A Market Thought Experiment

A thought experiment to explain the origin of power-tail behavior found in stock market logarithmic returns.

A remarkable finding for stock market price time-series is their consistent, fractal-like appearance over time frames as long as a century.  That this persists despite the extraordinary changes in technology used in markets and communications is amazing and suggests an interesting interaction between human behavior and the operation of the continuous double auction market structure.  Even though perhaps most trading today is driven by computer programs (written by humans), the fractal-like appearance does not appear to have changed over the past several decades of the technology revolution.  To explain some of this behavior we will try a thought experiment.

Imagine a market where traders can buy and sell securities, by placing offers to buy or sell at a specific price.  Other participants can place orders to buy or sell at the market price, in which case buyers will get the best sell offer, and sellers will get the best buy offer.


If we take a snapshot of the offered prices at a given time, we might get a picture like shown above.  If we made a movie of a sequence of snapshots, we would see all the prices shifting around rapidly.  If we blew up any snapshot, we would see a small gap between the best buy offer and the best sell offer.  We could change the scaling so that the geometric mean of the best offers is taken as the market price and all other prices are represented as the logarithm of the ratio of each price to the market price.  Then our graph would be centered at zero, and if we collected a sequence of snapshots and played them as a movie, we would see the center of the histogram and the heights of the bars would dance up and down, but each frame would be rather similar and we could merge a series of frames for better statistics and study the distribution of logarithmic changes.


There is an interesting paper by Ilija Zovko and J Doyne Farmer, published in 2002, which carefully examines the order books of the London Stock Exchange, between August 1998 and April 2000.  The last paragraph of the conclusion is quoted below.

Our results here are interesting for their own sake in terms
of human psychology. They show how a striking regularity can
emerge when human beings are confronted with a complicated
decision problem. Why should the distribution of relative limit
prices be a power law, and why should it decay with this particular
exponent? Our results suggest that the volatility leads the
relative limit price, indicating that traders probably use volatility
as a signal when placing orders. This supports the obvious
hypothesis that traders are reasonably aware of the volatility
distribution when placing orders, an effect that may contribute
to the phenomenon of clustered volatility. Plerou et al (1999)
have observed a power law for the unconditional distribution
of price fluctuations. It seems that the power law for price
fluctuations should be related to that of relative limit prices,
but the precise nature and the cause of this relationship is not
clear. The exponent for price fluctuations of individual companies
reported by Plerou et al is roughly 3, but the exponent we
have measured here is roughly 1.5. Why these particular exponents?
Makoto Nirei has suggested that if traders have power law
utility functions, under the assumption that they optimize
this utility, it is possible to derive an expression for β in terms
of the exponent of price fluctuations and the coefficient of risk
aversion. However, this explanation is not fully satisfying, and
more work is needed. At this point the underlying cause of the
power law behaviour of relative limit prices remains a mystery.
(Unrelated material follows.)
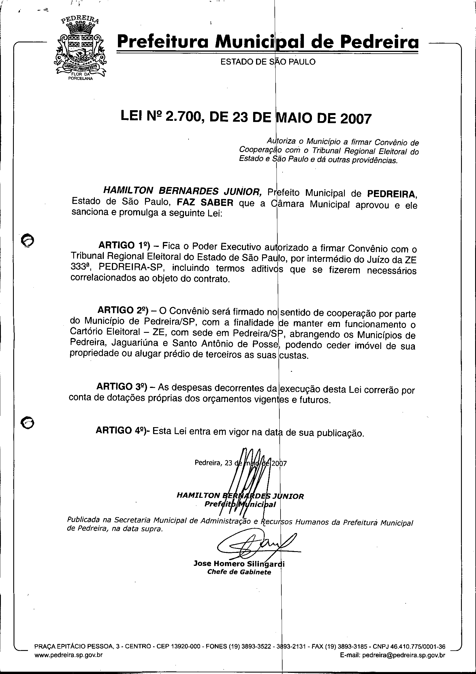 Lei Municipal - N° 2700 de 23/05/2007

In what follows I will propose a hypothesis to unravel that mystery.  I have included a link to the Plerou paper as well because it is the first detailed study of this kind and the results can be reproduced in current markets, so it has stood the test of time.  In the Farmer paper above, β is the tail exponent which we will call α.  They examined price distances as ticks which were in pence, rather than log returns, but since the tick size is small relative to the price, this will make no difference, and in the process of merging their data sets for different stocks, these distances probably relativized like log returns.

In order to analyze the problem, let’s imagine a trade server that collects a data set for us of all the information coming into the server according to the following algorithm.
First all prices are converted to log prices.
As orders come in they are divided into round lots so one event will be assigned to each 100 shares.
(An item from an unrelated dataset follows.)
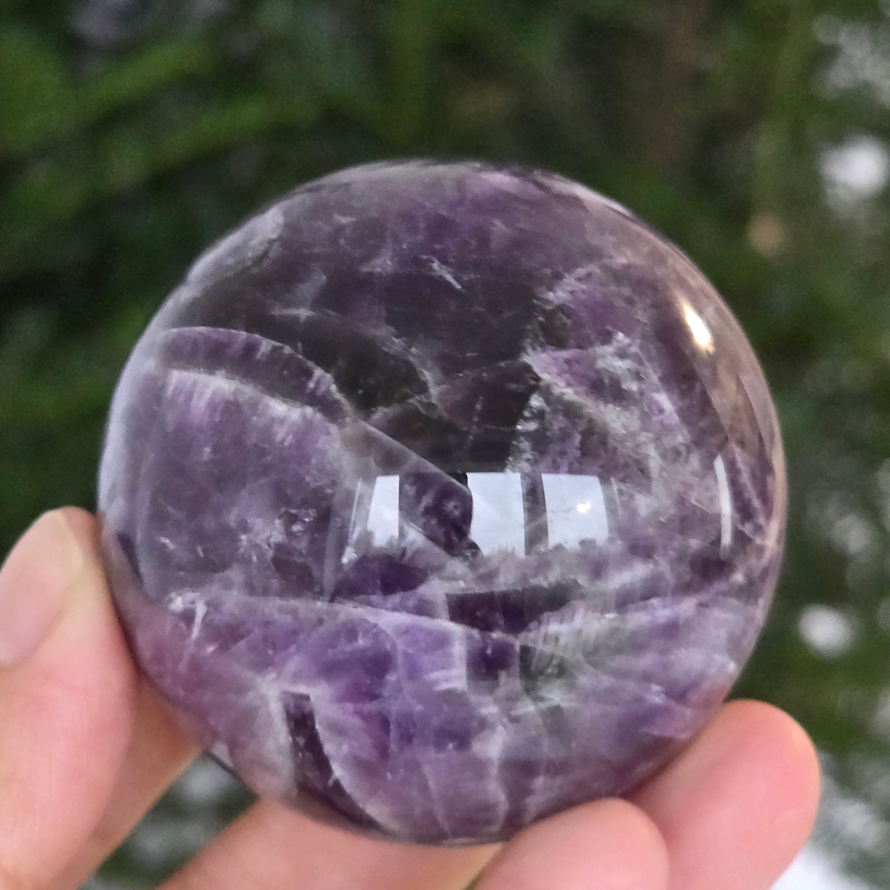 Una sfera che sembra concentrare al suo interno la luce di una notte lilla. Questo pezzo unico di ametista chevron naturale, rivela strati sorprendenti di viola, bianco e lavanda, disposti a forma di V – il segno distintivo di questa rara varietà di ametista. La superficie perfettamente levigata, vellutata al tatto, riflette la luce con una finezza ipnotica, portando calma e raffinatezza in ogni spazio.

If a market sell order arrives it is executed at the best bid offer and zero is recorded.
If a limit ask order comes in, the best bid offer is subtracted from the mean of the best bid and ask log prices; if the result ≤ 0, the order is executed at the bid price and 0 is recorded, otherwise the difference is recorded as a positive log return.
If a market buy order arrives, it is executed at the best ask offer and zero is recorded.
If a limit bid order comes in, the best ask price is subtracted from the mean of the best bid and ask log prices; if the result is ≥ 0, 0 is recorded and the order is executed, otherwise, the result is recorded as a negative log return.

At each slice of time the resulting data set represents a set of log return distances from the geometric mean of the best bid and ask prices.  If this price is also recorded, the actual prices including the spread can be reconstructed.

The server then stores for analysis the sequence of log returns and their arrival times.  That some of the limit prices will be later withdrawn is not important here, since we are interested in a snapshot of the price formation process at the instant during which they are present.

I propose the following method of analysis to arrive at a distribution which reflects the process of price formation.  First partition the sequence into blocks (it may need to be scrambled at a higher block size if large orders are creating runs of events resulting in a dependent structure).  The size of each block should be equal and large enough so that no block contains all zeros, reflecting only transacted prices.  It is imagined that the block size will also be significantly larger than this minimum so that we will approach a limiting distribution when we take the next step which is to sum the log returns in each block to create a random variable.

Note I used the term random variable.  The idea is that the server has no control over the order the events as they arrive and in market with price execution occurring, there should be an unpredictable flow of market and limit order requests into the server, but this random arrival might need to be ensured by scrambling the order of events.  We will now add another assumption, and that is that these log returns will follow a fixed power law as described in Farmer’s paper, for the example we will assume α = 1.5 as was found in the study.  Note also that when we sum each block, all the zeros conveniently disappear and have no effect on the result, which effectively becomes a sum of the log returns caused by the limit orders.  This sum may accidentally equal zero, but because we have set the block size large enough that it never contains all zeros, the result will not be caused by the executed orders.  The block size will affect the scale factor of the distribution, but not the shape of the resulting distribution.  Since we may want to have a convenient interpretation of the scale factor, we might want to select a block size as the average number of events that arrive in a specific time unit, perhaps a second for actively traded stocks or a minute for less active trading.  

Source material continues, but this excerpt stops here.